(Messolongi diatoms & abiotic data)
A study of diatom assemblages (abundances of 193 species) at 17 sites in the lagoons of Messol-ongi, Aitoliko and Kleissova in Eastern Central Greece was undertaken by Danielidis DB (1991), Ph.D. thesis, Univ Athens. At each site, a suite of 11 water-column data was also recorded: Temperature, Salinity, DO$_2$, pH, PO$_4$, Total P, NH$_3$, NO$_2$, NO$_3$, Inorganic N and SiO$_2$. The data files are Messolongi diatom density and Messolongi environment in C:\Examples v7\Messolongi diatoms. This is an ecological study of how the diatom communities relate to the water-column variables.

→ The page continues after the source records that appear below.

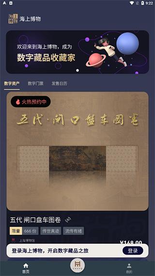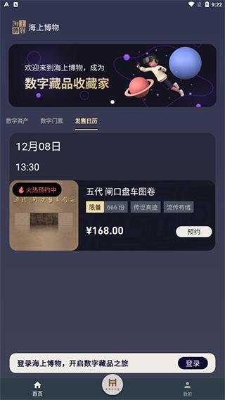 1、下载并打开海上博物app即可看到首页正在预约出售的藏品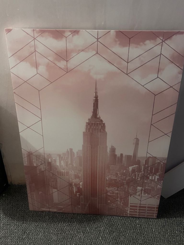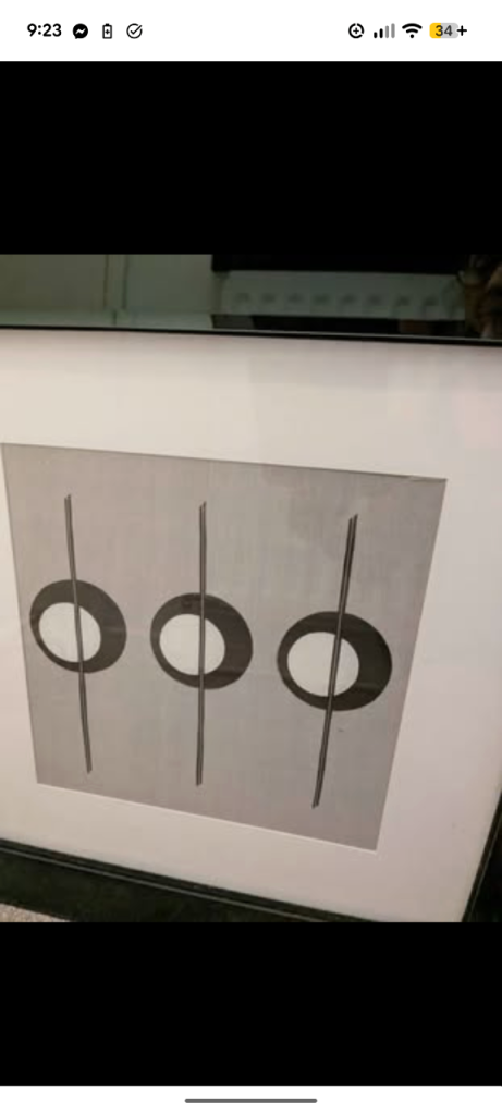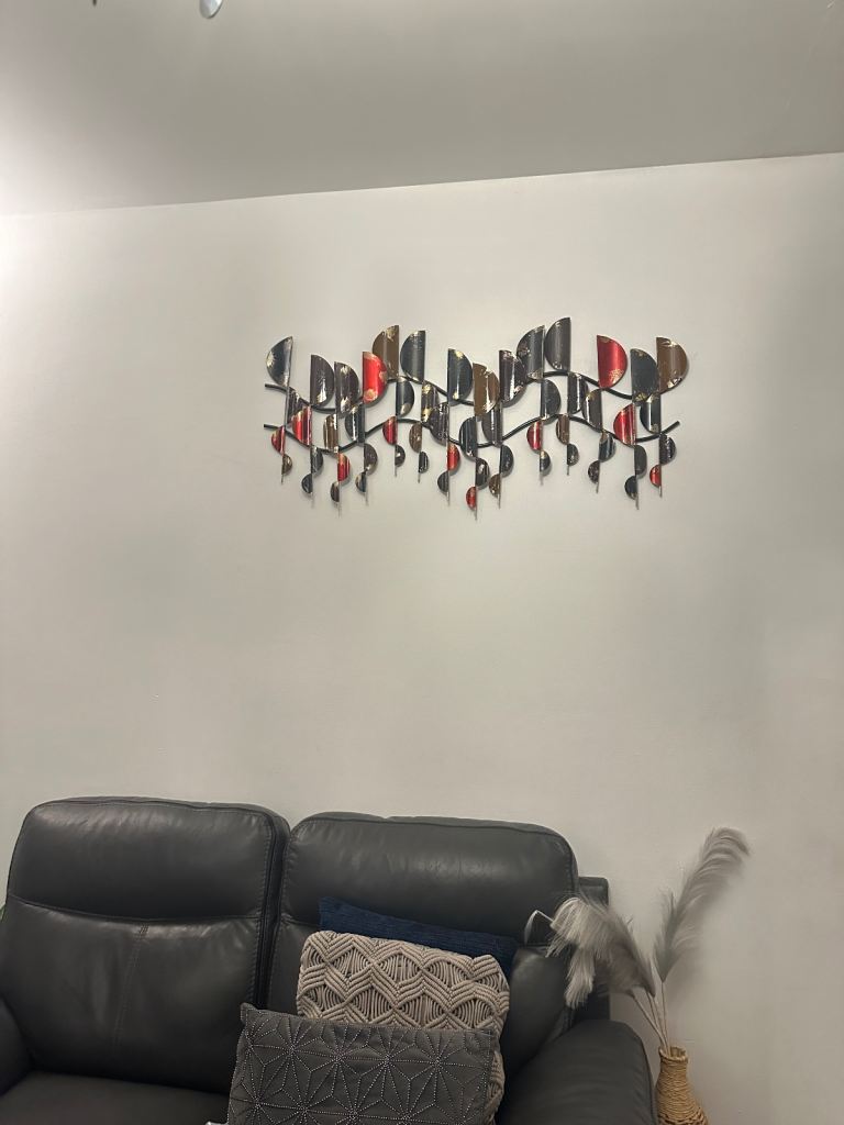 A unique metal wall piece. Colours include black, red, brown, and gold tones. A simple, elegant statement piece.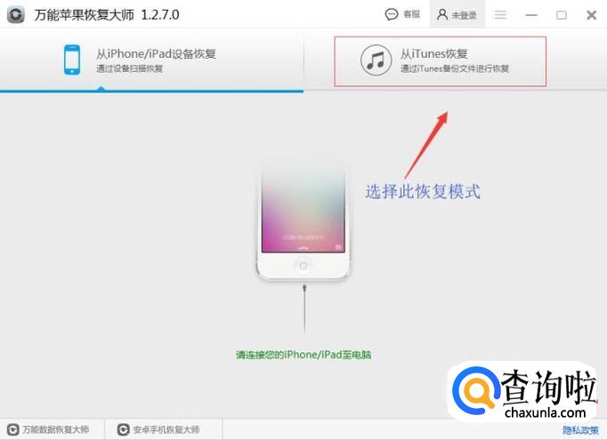 运行已经安装好的软件,在界面上上可以看到有“iPhone设备扫描恢复”和iTunes备份恢复。这里选择第二张恢复模式——iTunes备份恢复。

Square-root transform the abundance file and take Bray-Curtis resemblances, plotting the nMDS as usual. Plots>Draftsman Plot or Histogram Plot show that a log transform would be desirable on the nutrient concentration variables PO$_4$, TotP, NH$_3$, NO$_2$, NO$_3$, In-N and SiO$_2$, but Temp, Sal, DO$_2$ or pH do not need any transformation. As in the previous section, carry this out by highlighting (not selecting) the variables to be transformed and take Pre-treatment>Transform(individual)>(Expression: log(V)), unchecking the (✓Rename variables) box – readability of the BEST output is improved if not all the variable names look like log(...)!, so bear in mind that PO$_4$ means log(PO$_4$) etc, from now on. Re-running Draftsman and Histogram Plots, and also taking (✓Correlations to worksheet) for the former, shows that the distributions now have greatly reduced right-skewness. Two variables, PO$_4$ and TotP are seen to be strongly collinear, and it will make sense to drop one of them in the BEST run – they are, in effect, the same variable. You can pick out which are the very strongly correlated variables by Select>Samples>(•Values>0.95) on the correlation matrix produced by the draftsman plot – and potentially repeat again with (•Values<-0.95), though there are none of the latter here. This will display only those rows and columns of the triangular matrix with a value >0.95 somewhere, just PO4 and TotP in this case. On the transformed data, take Pre-treatment>Normalise variables, and the among-sample relationships, in terms of these 10 abiotic variables, can then be seen either by Analyse>PCA directly on this matrix or calculating Euclidean distance and putting that into MDS. As expected, since both are based on Euclidean distance, the two ordination methods for the abiotic data give very similar 2-d plots but more remarkable is the near-perfect match of biotic and abiotic analyses – the 193-species diatom community is highly predictable from knowledge of these 10 water-column variables.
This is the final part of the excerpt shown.